About this task: Retype the listing found below exactly, but leave out each picture.

Dataset extract:
******************************
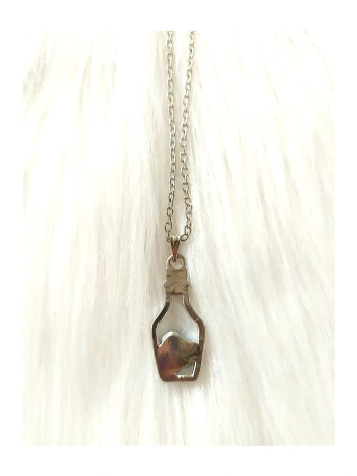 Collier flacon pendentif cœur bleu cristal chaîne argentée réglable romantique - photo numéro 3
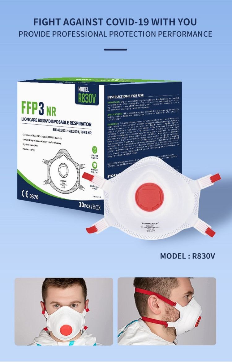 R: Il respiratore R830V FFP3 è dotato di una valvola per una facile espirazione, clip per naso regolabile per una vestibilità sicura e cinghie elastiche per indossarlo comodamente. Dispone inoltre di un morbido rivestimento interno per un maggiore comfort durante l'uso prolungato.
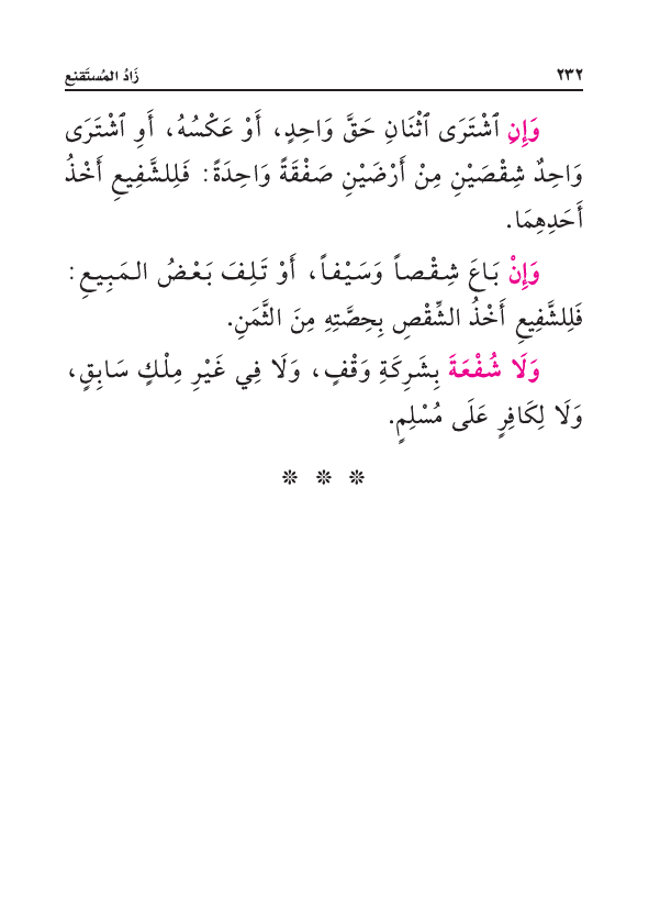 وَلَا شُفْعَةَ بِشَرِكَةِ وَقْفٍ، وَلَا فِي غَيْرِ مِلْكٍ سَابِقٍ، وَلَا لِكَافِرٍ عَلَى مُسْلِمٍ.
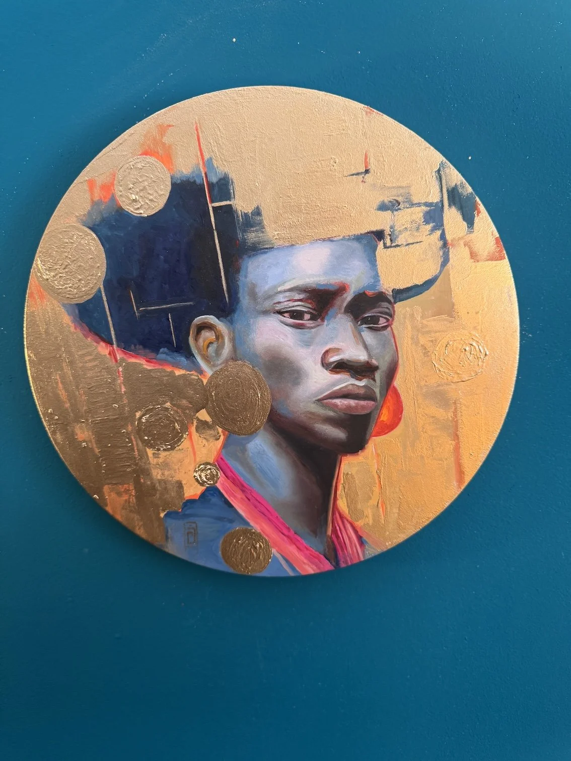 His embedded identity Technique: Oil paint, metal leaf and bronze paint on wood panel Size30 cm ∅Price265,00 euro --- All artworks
******************************
Exercise answer:
 Collier flacon pendentif cœur bleu cristal chaîne argentée réglable romantique - photo numéro 3
 R: Il respiratore R830V FFP3 è dotato di una valvola per una facile espirazione, clip per naso regolabile per una vestibilità sicura e cinghie elastiche per indossarlo comodamente. Dispone inoltre di un morbido rivestimento interno per un maggiore comfort durante l'uso prolungato.
 وَلَا شُفْعَةَ بِشَرِكَةِ وَقْفٍ، وَلَا فِي غَيْرِ مِلْكٍ سَابِقٍ، وَلَا لِكَافِرٍ عَلَى مُسْلِمٍ.
 His embedded identity Technique: Oil paint, metal leaf and bronze paint on wood panel Size30 cm ∅Price265,00 euro --- All artworks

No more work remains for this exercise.